Humans are designed to spend time outdoors. We are human animals — not separate from nature, but part of it. Period. End of story.
Somewhere along the way many of us forgot this. Maybe our first disconnect from Mother Nature started subtly with the invention of written language. It was certainly helped along quite a bit by the advent of agriculture and the development of modern cities. The digital age has only made things worse.
Now we are seeing a surge in health and phycological issues that no modern drug or therapy can cure. Depression and ADHD are on the rise. Kids now report more stress, anxiety and depression than we’ve seen in past generations. What can we do?
One solution might be as simple as spending time in nature, as much as possible. Maybe it starts as just a few longer walks with your dog. Maybe it’s a weekend hike, starting once in a while, becoming every week without fail. Or maybe it’s a 6-month around-the-world backpacking trip. It’s your choice, but it must be made a priority if you take your health and happiness seriously.
The benefits of time spent outdoors are numerous. Here are some highlights:
Awe and wonder inspires creativity
Being in nature is one of the primary ways humans are surprised, inspired and consistently awed. It’s no wonder that artists throughout history have found nature their primary muse (or possibly second to nude women). Nature has the potential to constantly surprise us with her never-ending beauty and intelligence. The sense of awe we feel is an important part of remaining happy humans, but it’s also essential as inspiration for any creative endeavour we undertake. Certainly much of the best art reflects nature, but likewise, some of our most useful inventions and technological achievements are also based on biological structures or inspired by natural processes.
Spending time outdoors will keep you interested and feed your creativity. But if you need more help getting inspired, read this REI article about rekindling your sense of awe outside.
Lower Stress and depression, More overall happiness
Studies show that those living closer to parks and other green spaces report less stress and depression in the daily lives. Other studies show that when subjects spent on average 30 minutes a day outdoors, they reported more wellbeing, energy, happiness, and better sleep, while seeing a drop in stress. But don’t worry about scientific studies to decide what’s right for you. If you are feeling at all depressed, the best thing to do is just get outdoors now! Go for a walk. Take off your shoes. Listen to the sounds around you. Hug a tree if so inclined.

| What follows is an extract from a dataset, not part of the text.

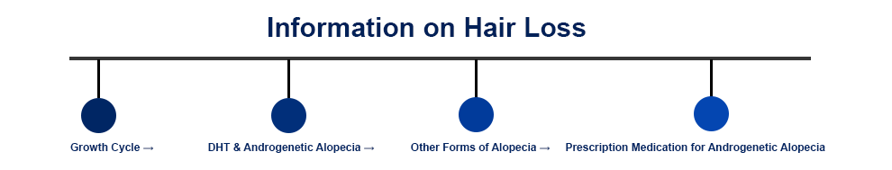 The Anagen phase lasts between 2-6 years, after which the follicle goes through a brief transition phase called Catagen, and enters Telogen, which lasts from 2-4 months. After the Telogen phase, the hair falls out naturally and is replaced, returning the hair to the Anagen phase. Some hair loss is a normal part of the hair growth cycle – on average, 50 – 100 hairs are lost from the scalp daily, but with Androgenetic alopecia as many as 200 hairs can be lost every day.
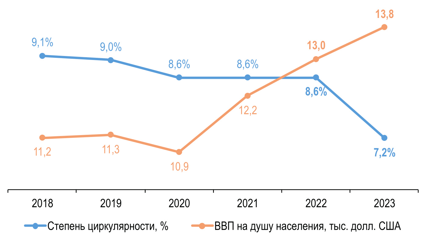 Так, при текущем темпе производства и потребления товаров и услуг для населения в 8 млрд. человек к середине XXI века будет необходимо троекратное количество ресурсов, которым владеет планета Земля [16]. Но, с ростом населения и уровня ВВП не происходит роста темпов степени циркулярности (цикличности) экономики – доли товаров и услуг, которая возвращается в экономику после завершения своего жизненного цикла [16] (рис. 2).

Exposure to a greater variety of plants and other living creatures can help your body develop greater immunity and more overall resilience. So get your hands and feet dirty! Pick the flowers and explore the mushrooms and insects. It’ll make you healthier in the long run.
Improved Brain health
Maybe it’s just the peace and quite or maybe there is something deeper, more biological happening when we engage with the outdoors. Either way, studies show that memory, attention, creativity and cognition are all improved with more time spent in nature. It’s no wonder that slowing down and living in the moment might help you better remember things and open pathways to greater creative thinking.
We all love the warmth of direct sunlight, but it’s far more than just that. There’s no better way to get the vitamin D we need to stay healthy and happy without a daily dose of sun. Sunlight and Vitamin D help boost our immunity, improves sleep, and keeps our bones strong.
Fresh air is life
City dwellers know this well. Breathing smog is no fun. But the air in any city or town can’t compare to that glorious fresh oxygen found amongst the trees. Trees, after all, are what take the carbon dioxide we exhale and turn it back into oxygen for us to breathe. Nothing is more refreshing and revitalizing than some deep breaths taken far away from human development, high up a mountainside or deep in the woods.
Slows us down, connects us
One benefit to spending time in nature is simply to take a break from our everyday life. Especially if we live in a city, we may not realize how our faced-paced routine is harming our health. Being outdoors slows us down, helps us live in the present moment and allows our bodies to recalibrate to the pace of the natural world. The more time we spend outdoors the better we can connect with the circadian rhythms that help guide our sleep and productivity. Not only that, but if we bump into an animal (or tree) during our time spent in nature, we’re connecting with a piece of the more-than-human world that may be able to nourish us in ways science has yet to uncover.
Time spent outdoors tends to open us up to everything outside us, to things different than ourselves. By getting out of our heads, away from our never-ending thoughts, time in nature also allows us connect better with other people. The sense of connection you may feel might be multi-faceted.
Increased spiritual connection
Studies show that being in nature produces brain waves that are similar to those you experience while meditating. Not only that, but many consider Nature to be their church and time spent outdoors a spiritual practice in and of itself. No matter your beliefs, time spent outdoors has been seen by cultures throughout history as one of the primary ways we can connect to our spiritual life. There must be something to it! Fasting, vision quests and other nature-based practices have been part of countless spiritual traditions. Even something as simple a walk in the woods, at the right time and place, can have a profound spiritual impact.